Remember, elections have consequences.
A recent study released by one of the nation’s premier insurance experts has some sobering news for President Barack Obama’s health care law. In a report that could prove a big political headache for the administration, the Society of Actuaries estimated Tuesday that insurers will have to pay out an average of 32 percent more for claims on individual health policies under the Affordable Care Act, a cost likely to be passed on to consumers.
The Washington Guardian reports that while some areas will see declines in medical claims costs, the report predicts the majority of states will see double-digit increases in their individual health insurance markets, where people purchase coverage directly from insurers rather than get coverage from employers.
By 2017, the estimated increase would be 62 percent for California, about 80 percent in Ohio and Wisconsin, more than 20 percent for Florida and 67 percent for Maryland. Much of the reason for the higher claims costs is that sicker people are expected to join the pool, the report said.
On the plus side, the report found the law will cover more than 32 million currently uninsured Americans when fully phased in. And some states — including New York and Massachusetts — will see double-digit declines in costs for claims in the individual market.
Uncertainty over costs has been a major issue since the law passed three years ago, and remains so just months before a big push to cover the uninsured gets rolling Oct. 1. Middle-class households will be able to purchase subsidized private insurance in new marketplaces, while low-income people will be steered to Medicaid and other safety net programs. States are free to accept or reject a Medicaid expansion also offered under the law.
Obama has promised that the new law will bring costs down. That seems a stretch now. While the nation has been enjoying a lull in health care inflation the past few years, even some former administration advisers say a new round of cost-curbing legislation will be needed.
The AP summarizes the response from the White House:
The administration questions the design of the study, saying it focused only on one piece of the puzzle and ignored cost relief strategies in the law such as tax credits to help people afford premiums and special payments to insurers who attract an outsize share of the sick. The study also doesn’t take into account the potential price-cutting effect of competition in new state insurance markets that will go live on Oct. 1, administration officials said.
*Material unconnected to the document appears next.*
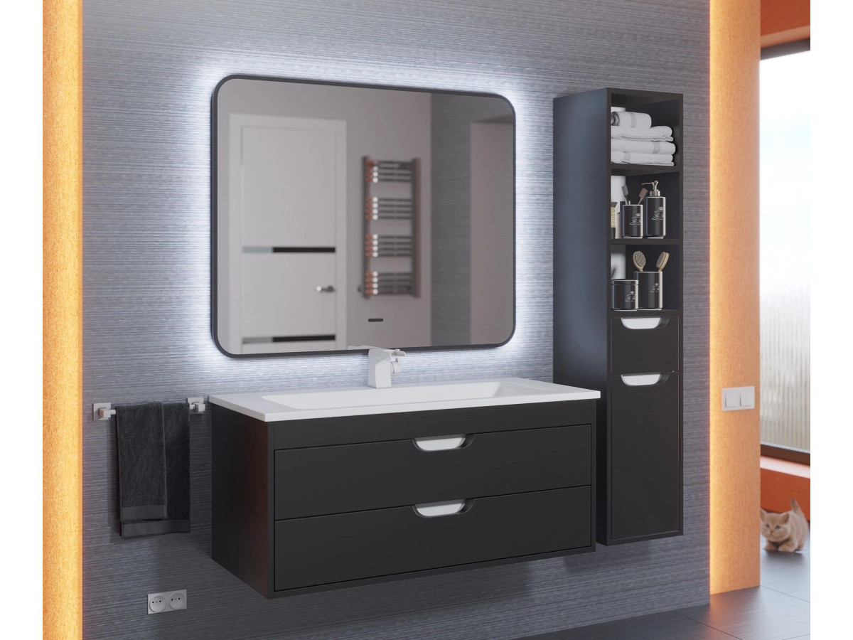 - Зеркало Uperwood Modul черное холодная подсветка 60х80 см

At a White House briefing on Tuesday, Health and Human Services Secretary Kathleen Sebelius said some of what passes for health insurance today is so skimpy it can’t be compared to the comprehensive coverage available under the law. “Some of these folks have very high catastrophic plans that don’t pay for anything unless you get hit by a bus,” she said. “They’re really mortgage protection, not health insurance.”
Kristi Bohn, an actuary who worked on the study, acknowledged it did not attempt to estimate the effect of subsidies, insurer competition and other factors that could mitigate cost increases. She said the goal was to look at the underlying cost of medical care.
“Claims cost is the most important driver of health care premiums,” she said.
“We don’t see ourselves as a political organization,” Bohn added. “We are trying to figure out what the situation at hand is.”